Sean Grieshop

Personal information
- Nationality: American
- Born: November 23, 1998 (age 27)
- Height: 6 ft 2 in (188.0 cm)

Sport
- Sport: Swimming

Medal record
Men's swimming
Representing the United States
World University Games
| Gold medal – first place | 2019 Naples | 4×200 m freestyle |
| Silver medal – second place | 2019 Naples | 400 m medley |
World Junior Championships
| Gold medal – first place | 2015 Singapore | 400 m medley |
| Gold medal – first place | 2015 Singapore | 4×200 m freestyle |
| Bronze medal – third place | 2015 Singapore | 200 m medley |
Junior Pan Pacific Championships
| Gold medal – first place | 2016 Maui | 400 m medley |
| Silver medal – second place | 2016 Maui | 4×200 m freestyle |
| Bronze medal – third place | 2014 Maui | 1500 m freestyle |
Representing the California Golden Bears
| Event | 1st | 2nd | 3rd |
| NCAA Championships | 0 | 2 | 1 |
| Total | 0 | 2 | 1 |
By race
| Event | 1st | 2nd | 3rd |
| 500 y freestyle | 0 | 1 | 0 |
| 400 y medley | 0 | 1 | 1 |
| Total | 0 | 2 | 1 |
NCAA Championships
| Silver medal – second place | 2019 Austin | 500 y freestyle |
| Silver medal – second place | 2019 Austin | 400 y medley |
| Bronze medal – third place | 2021 Greensboro | 400 y medley |

= Sean Grieshop =

American swimmer (born 1998)

Sean Grieshop (born November 23, 1998) is an American competitive swimmer. Grieshop swam for Nitro Swimming in Texas, and after setting numerous National Age Group records, he now swims for the University of California Berkeley Golden Bears. At the 2014 Junior Pan Pacific Swimming Championships, he won the bronze medal in the 1500 meter freestyle with a time of 15:29.87. While competing at the 2015 World Junior Championships, he set his first Junior World Record in the 4 × 200 m freestyle relay with teammates Grant Shoults, Maxime Rooney, and Grant House. At the same meet, he won the gold medal in the 400m individual medley as well as bronze in the 200m individual medley.

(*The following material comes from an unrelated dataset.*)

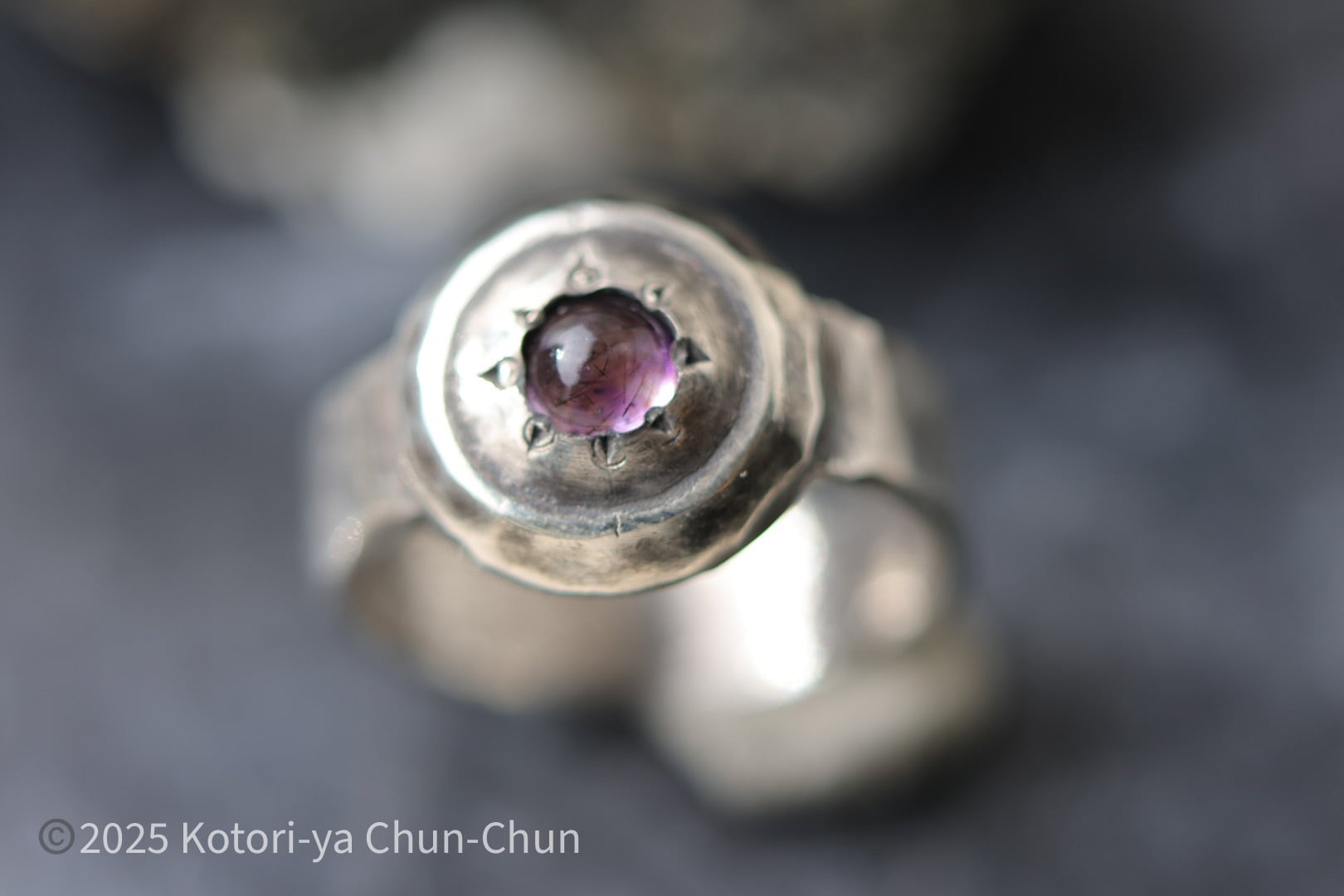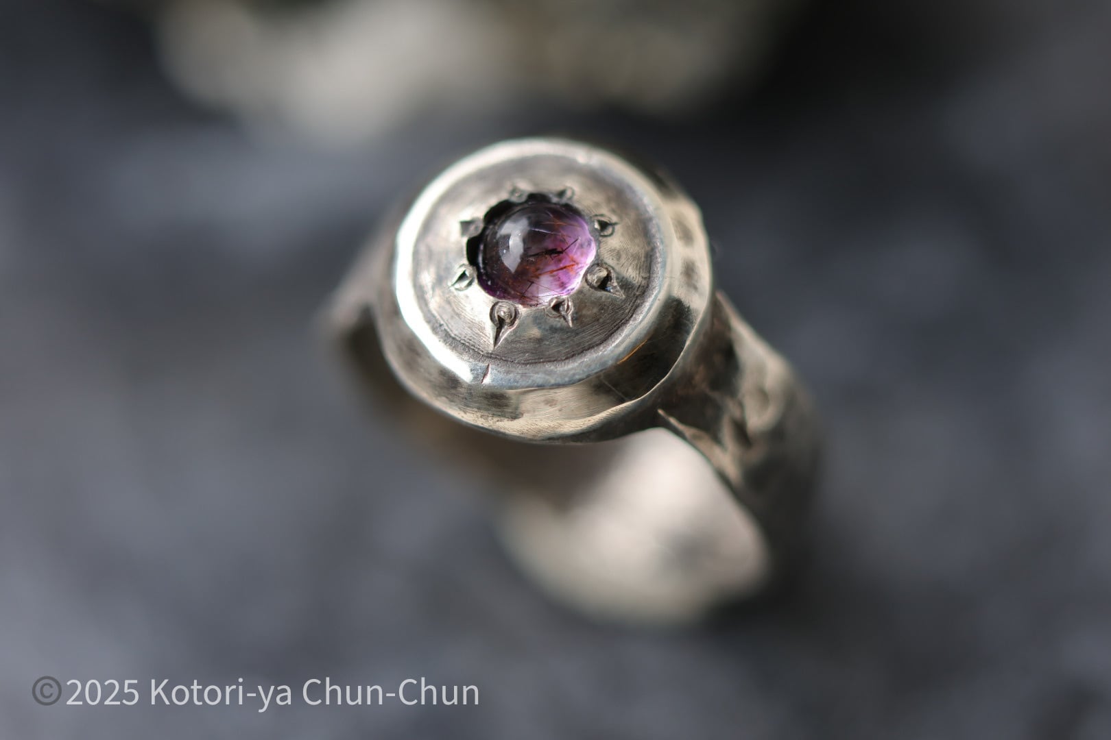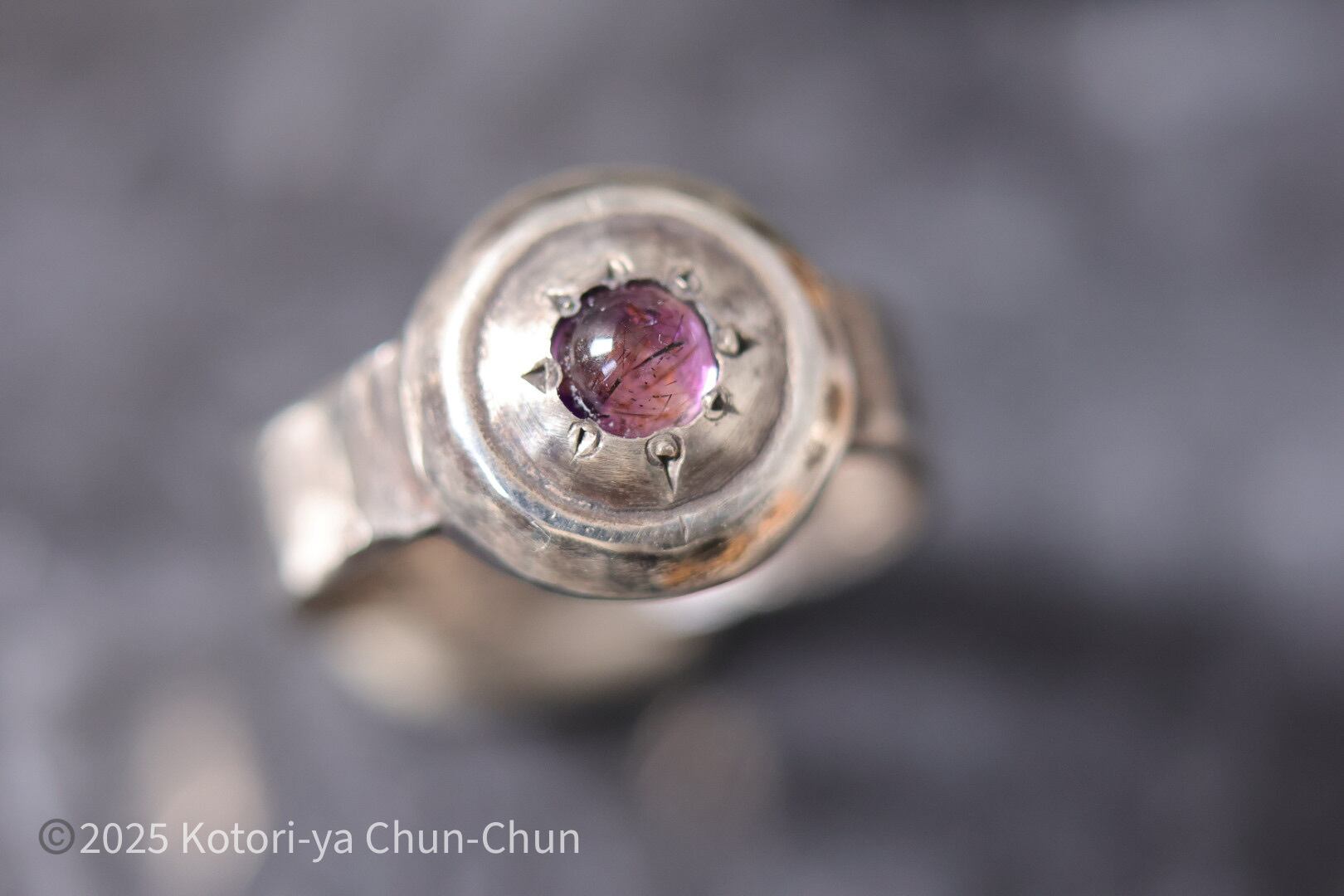 【盾シリーズ】特注カット スーパーセブン(アメシスト)・シールドリング【紫陽花の盾】

At the 2016 U.S. Olympic Trials, Grieshop set his first individual Junior World Record in the 400 individual medley with a time of 4:14.00. In August, at the 2016 Junior Pan Pacific Swimming Championships in Maui, Hawaii, he won the gold medal in the 400 meter individual medley with a 4:16.05 and a silver medal in the 4×200 meter freestyle relay with a final relay time of 7:22.73, contributing a split time of 1:50.76 for the fourth leg of the relay.

In 2018, Grieshop qualified for the Pan Pacific Championships in the 400 Individual Medley.

In 2019, Grieshop placed 2nd in the 400 IM at the World University Games.

In 2021, Grieshop placed 16th in the 400 IM at the US Olympic Trials.

He has been named to the United States National Team (USA Swimming) for 3 consecutive years.